Todo tan artificial. Traté de cruzarme a alguien en la calle para preguntar donde había un supermercado porque ni siquiera encontraba una tiendita o unos chinos y me estaba muriendo de hambre (bue, es una forma de decir, sabés que tengo un gran rollo de reserva), pero no había una sola persona caminando por la vereda.
Todo estaba muy automatizado, todos se movían en autos.
Había casas de la puta madre, había autos de la puta madre, había lanchas estacionadas en los patios… todo parecía tan salido de videoclip de reggaeton pero no había señales de vida humana por ningún lado. Ni siquiera en las plazitas con juegos para los chicos. Las pobres hamacas si no hacían fuerza para moverse por el viento se herrumbraban.

En éste, que es un país tan explicado, en el que hay instrucciones para casi todo: como subir y bajar del tren, como comportarse en los medios de transporte, que hacer frente a un semáforo en rojo, etc… ¿Habría algún manual de instrucciones de como llegar al supermercado?
¿o de como vivir la vida?

Los pajaritos cantaban (ví dos coloridas rosellas en un árbol), las flores lucían espléndidas sus colores en los jardines, pero no había nadie que las oliera. Las personas estaban o encerradas en las casas o trabajando en otro lado.
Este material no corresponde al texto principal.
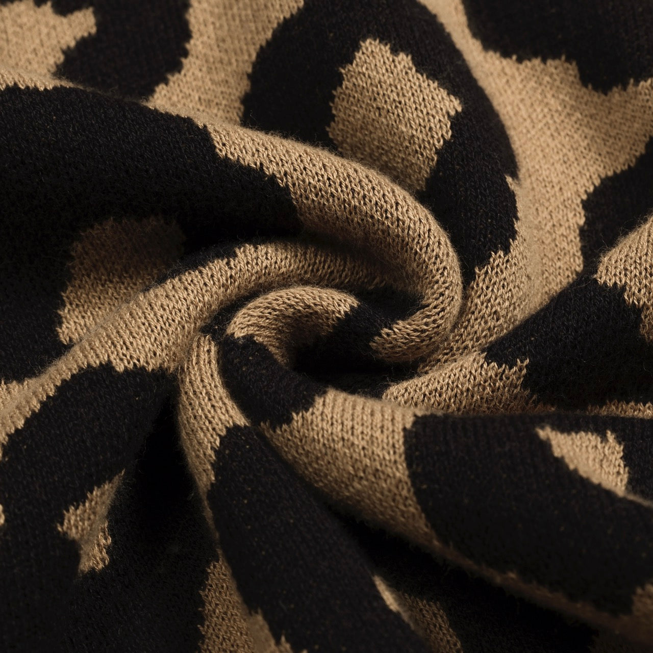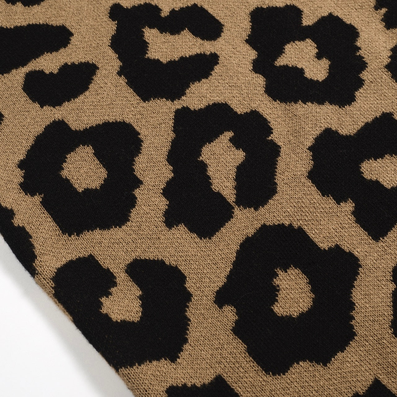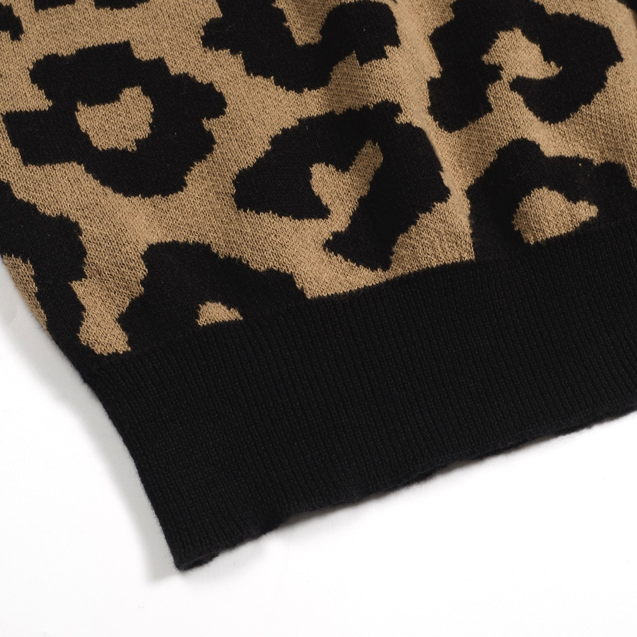 Vintage knitted jacquard gilet in brown leopard print for men
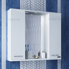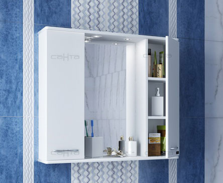Описание: влагостойкое зеркальное полотно, два шкафчика с распашными дверцами, полочки, встроенная подсветка с выключателем и розеткой.
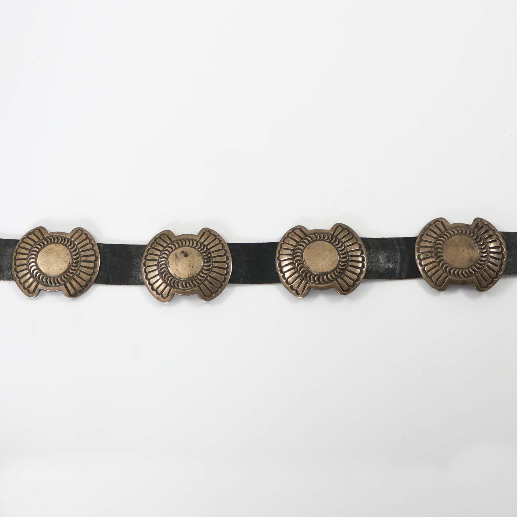 Vintage Navajo (circa 1960s) Sterling Silver Concho Belt with Hand Stamped Designs. This belt features a round buckle and 11 conchos on 1” wide black leather. This belt is stamped, “Sterling” but it unsigned.
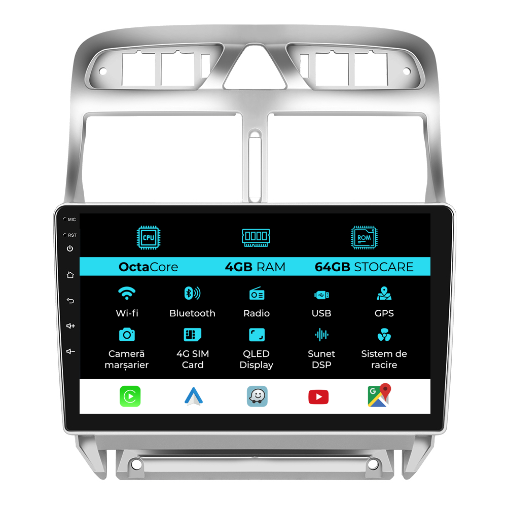 Navigatie Dedicata Peugeot 307 (2000-2013), 9Inch, 4Gb Ram, 64Gb Stocare, Carplay

Todo eso me hizo preguntar si vale realmente la pena vivir en un lugar así.
Hoy Adelaide me parecía esas ciudades del futuro que pasan en las películas, donde hay autos voladores , las personas usan chips de inteligencia bajo la piel y todos se comunican por celular.
Me sorprendió el poco contacto humano en este lugar.
Cero, cero, cero.

Y me puse a hacer dedo. Dije: – bueno, por ahí alguien para y le pregunto donde hay un supermercado cerca- , (ni siquiera hice dedo para que me lleven), pero no hubo suerte. Nadie paró. Todos pasaban y no saludaban. Ni siquiera una sonrisa o, al menos, un mínimo signo de contacto visual…
Australia y sus ciudades. Me superaron. Estoy podrida.
La artificialidad me resbala.
Esta felicidad huele a caucho y plástico.

Es un tema para meditar.
Me indigna.
Pasó el tiempo, una hora, y seguía sin cruzarme un alma en la calle.
Barrios hermosos, con mucho trabajo de jardinería encima, pero sin que nadie los transite.
¿que esta pasando?

Después de una hora y media callejeando bajo el sol, me crucé una persona que estaba caminando. Si, UNA PERSONA QUE CAMINABA.
Y le pregunté donde había un supermercado o una tiendita para comprar algo para comer viste.
El super mas cerca resulta ser que me quedaba a cuarenta minutos caminando en un país pensado para gente con autos y no con piernas. (Si total el gimnasio está abierto las 24 horas, ¿para que vas a caminar?)
Así que fuí a paso de tortuga hasta el super, bien desubicada caminando en medio de todos los autos. Decí que todavía quedan las veredas. Pequeñas sobrevivientes en medio de tanta Motorway.

Llegué al super con hambre y como acá los supermercados están ubicados en medio de los gigantes centros comerciales, me puse a pasear por el centro comercial. Y leía las publicidades de protectores solares y pastillas naturales. Ahora la obsesión nacional en Australia es evitar la muerte. Hay productos para evitar todo tipo de cánceres en la farmacia, el supermercado, la tienda de jabones. Era tanto que me daba la espantosa sensación de que cuando uno no tiene problemas se los tiene que inventar.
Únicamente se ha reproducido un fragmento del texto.